Cost – the cost of debt is something that you need to consider. All loans have a cost and so if you pay one off with another, then you are replacing one cost with another cost. You need to think about whether this is something that you want to do and something that will help you finances. For example, if you have a cheap loan and you use an expensive loan to repay it then you will be paying out a lot more. However, if you use a cheap loan to pay off a dear one then this would be advantageous. This means that you will need to do some maths. You will need to think about how much the current loan costs and how much the new one will cost. Make sure that you look at the fees as well as the interest rate so that you are comparing the total cost of both. It can be tempting to compare the interest rate and assume that the one with the lowest interest rate will be the cheapest. However, if there are fees or charges as well, then this may not be the case and so you need to be sure. It can be worth getting in touch with the lender to ask them about this as they will be able to explain it. Otherwise you will have to look through the terms and conditions of the loan and that is not always very easy to do, both because locating them might be tricky and because understanding them is often hard to do. You also need to think about how long the loans last as if you are only paying interest for a short period of time it will be cheaper overall compared with paying it over a longer time period, even if the amount you pay each month is less.

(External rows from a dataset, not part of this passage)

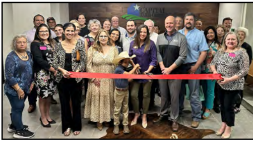
Capital Farm Credit - Ribbon Cutting—New Location
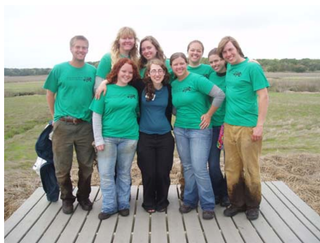
The Year 10 members and staff responsible for coordinating a successful AmeriCorps week enjoy the finished boardwalk.
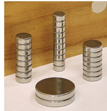
Epoxy round rare-earth magnets into blind holes in a jig. Putting them into steel mounting cups increases magnetic pull.
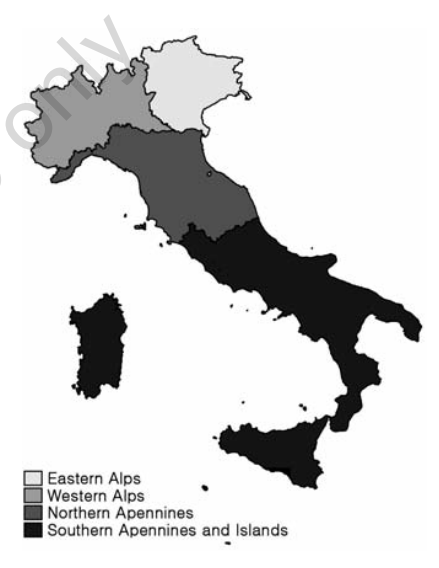
Figure 1. Subdivision into macro-regions of Italy.

Data available for wild boar, in part of the Northern Apennines and most of the Southern Apennines and Islands, are incomplete owing to a lack of hunting statistics by regional and provincial offices, and are probably underestimated. With this caution, two thirds of total wild boar culling is produced in the Northern Apennines, less than 20% in the Southern
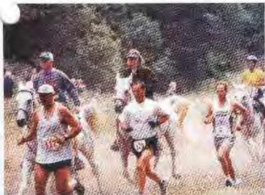
November's Mystery Photo

Congratulations to those brave souls who ventured a guess about our November's Mystery Photo! They were all in agreement and so MUST be right! Thanks for your guesses. Now how about this issue's mystery?
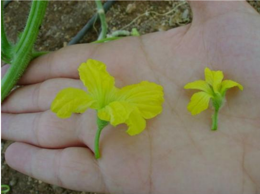
Figure 3. Male flower of dihaploid and haploid melon plant.
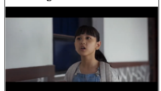
00:05:56 - 00:06:02
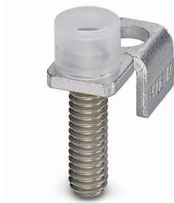
Figure 10 Chain bridges
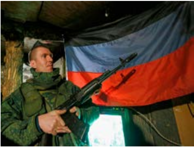
A militant of the self-proclaimed Donetsk People's Republic (DNR) holds a weapon at fighting positions on the line of separation from the Ukrainian armed forces south of the rebel-controlled city of Donetsk, Ukraine April 2, 2021.
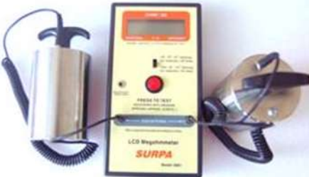
Mega OHM Meter (Surface Resistance Meter)
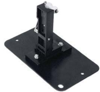
Cat. No. 18900338 Test tube holder(ø8-ø22mm)
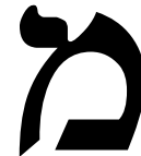
M like mint
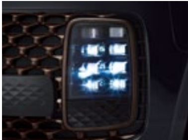
Full LED headlamps
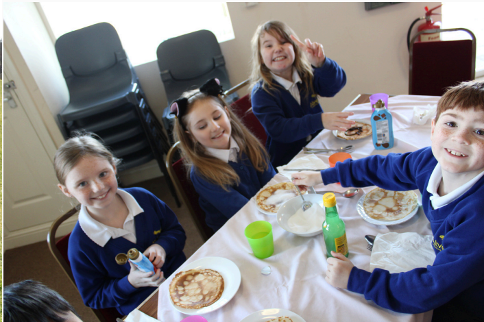
Pancakes at the Pavilion for Lent
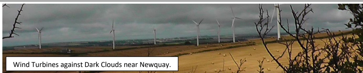
Wind Turbines against Dark Clouds near Newquay.
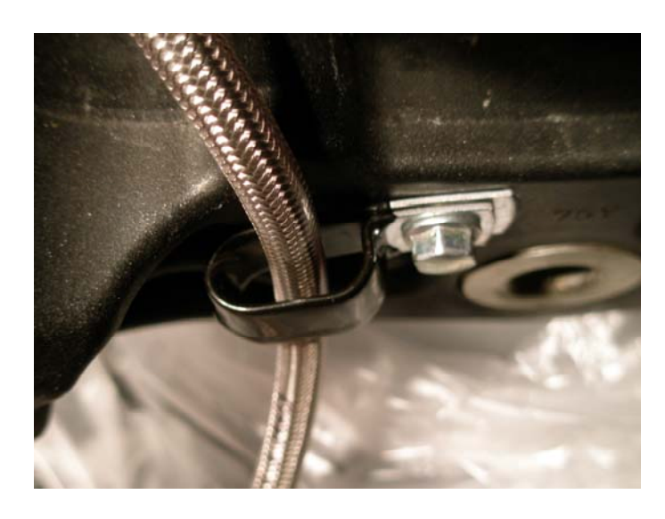
B. Galfer C-Clip at the Lower Triple Tree

Risk– changing to a different loan type might be risky. Loans have different ways of operating and some are riskier than others. With a payday loan you will have to repay the amount in full after a few weeks. You may like this idea because it means that you will clear the debt really quickly. However, there is a risk because you might be repaying more in the one-off payment than you would be if you had not swapped loans. This could make it harder for you to afford that repayment and therefore there could be a risk that you will not be able to pay it and have fees to pay on top. On the other hand, you might be able to repay it, but it may not leave you with much money for everything else and you could end up looking for another loan to help you. This means that it is so important to be honest with yourself when you are working out if paying off a loan with a payday loan is right for you.
Ease – it is worth looking at the process of repaying a loan with another. You will have to apply for a new loan and then repay the old one. It will take a series of steps and therefore you will need to be prepared for this. There is a risk, of course, that you might be turned down for the payday loan and then may not be able to go with the idea. The risk is small though, as most borrowers are accepted, but there is still a risk of not being able to borrow as much as you need. You will also need to check that there is no penalty for repaying the loan early. Some lenders will make a charge for doing this but some will not. The charge can vary as well, sometimes it is just a month’s interest other times it could be a huge amount of money. It is therefore really important to find out before you apply for the payday loan as you may end up finding that you will not get enough money to be able to afford your goal.
So, there is a lot to think about. A payday loan could be a good way to repay a loan but only if it is cheaper, that you are confident you will be able to repay it and if the process is easy. It is worth considering but you need to be sure that you put in the research and that you are confident in your decision.